_ACTIVITY_: Please repeat only the lines below starting at the line that holds "Geschäftsfläche / Büro / Lager EG" and ending at the line that holds "Dolphin Conservation Action Plan (2021-2025)", exactly, with both of those lines included and every picture omitted.

_RECORDS FOR THE EXERCISE_:
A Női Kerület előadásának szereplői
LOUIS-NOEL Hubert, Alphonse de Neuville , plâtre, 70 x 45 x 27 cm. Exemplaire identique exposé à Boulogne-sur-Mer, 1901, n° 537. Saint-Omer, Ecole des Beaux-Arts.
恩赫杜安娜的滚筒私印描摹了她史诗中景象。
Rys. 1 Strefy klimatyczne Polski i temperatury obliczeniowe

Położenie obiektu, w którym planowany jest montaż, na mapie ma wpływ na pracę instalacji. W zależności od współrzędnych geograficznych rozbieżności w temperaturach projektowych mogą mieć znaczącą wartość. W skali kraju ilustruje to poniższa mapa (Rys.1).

--

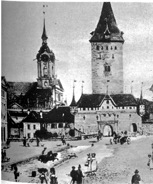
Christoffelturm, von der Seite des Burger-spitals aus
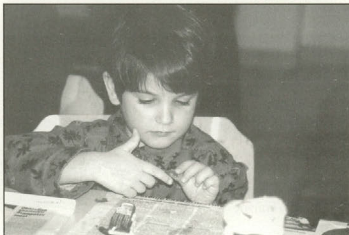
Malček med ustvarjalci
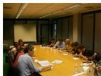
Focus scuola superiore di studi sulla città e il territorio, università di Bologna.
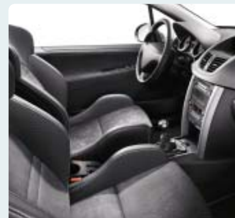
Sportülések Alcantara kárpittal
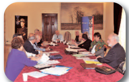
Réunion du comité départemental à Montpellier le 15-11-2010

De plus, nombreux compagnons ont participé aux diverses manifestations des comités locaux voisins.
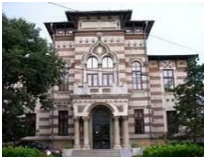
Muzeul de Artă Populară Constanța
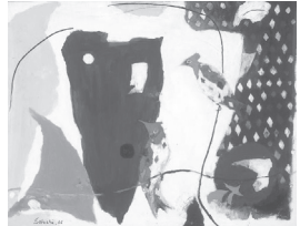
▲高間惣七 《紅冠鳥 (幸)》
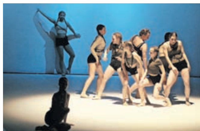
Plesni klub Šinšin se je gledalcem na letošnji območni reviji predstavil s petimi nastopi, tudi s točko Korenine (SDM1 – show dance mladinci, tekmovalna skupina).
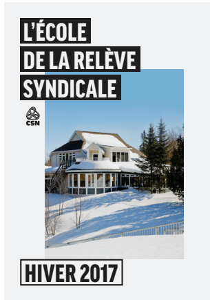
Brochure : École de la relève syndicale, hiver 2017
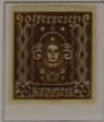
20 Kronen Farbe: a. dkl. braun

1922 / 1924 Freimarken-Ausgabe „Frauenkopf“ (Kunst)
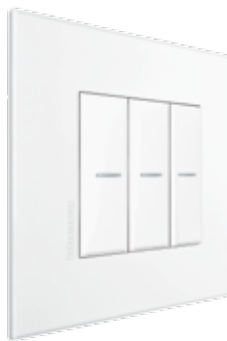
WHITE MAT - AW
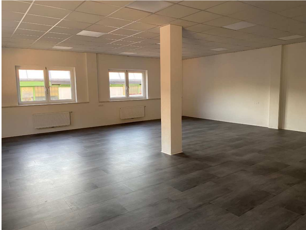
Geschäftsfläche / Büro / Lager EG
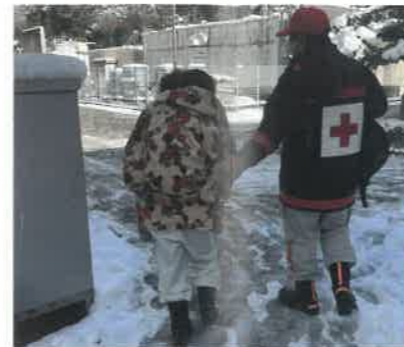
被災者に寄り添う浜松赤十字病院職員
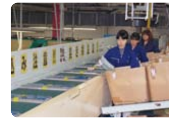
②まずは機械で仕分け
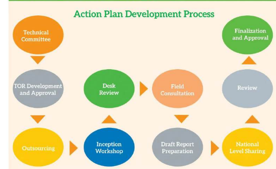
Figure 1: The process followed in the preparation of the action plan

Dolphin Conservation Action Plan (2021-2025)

_SOLVED PROBLEM_:
Geschäftsfläche / Büro / Lager EG
被災者に寄り添う浜松赤十字病院職員
②まずは機械で仕分け
Figure 1: The process followed in the preparation of the action plan

Dolphin Conservation Action Plan (2021-2025)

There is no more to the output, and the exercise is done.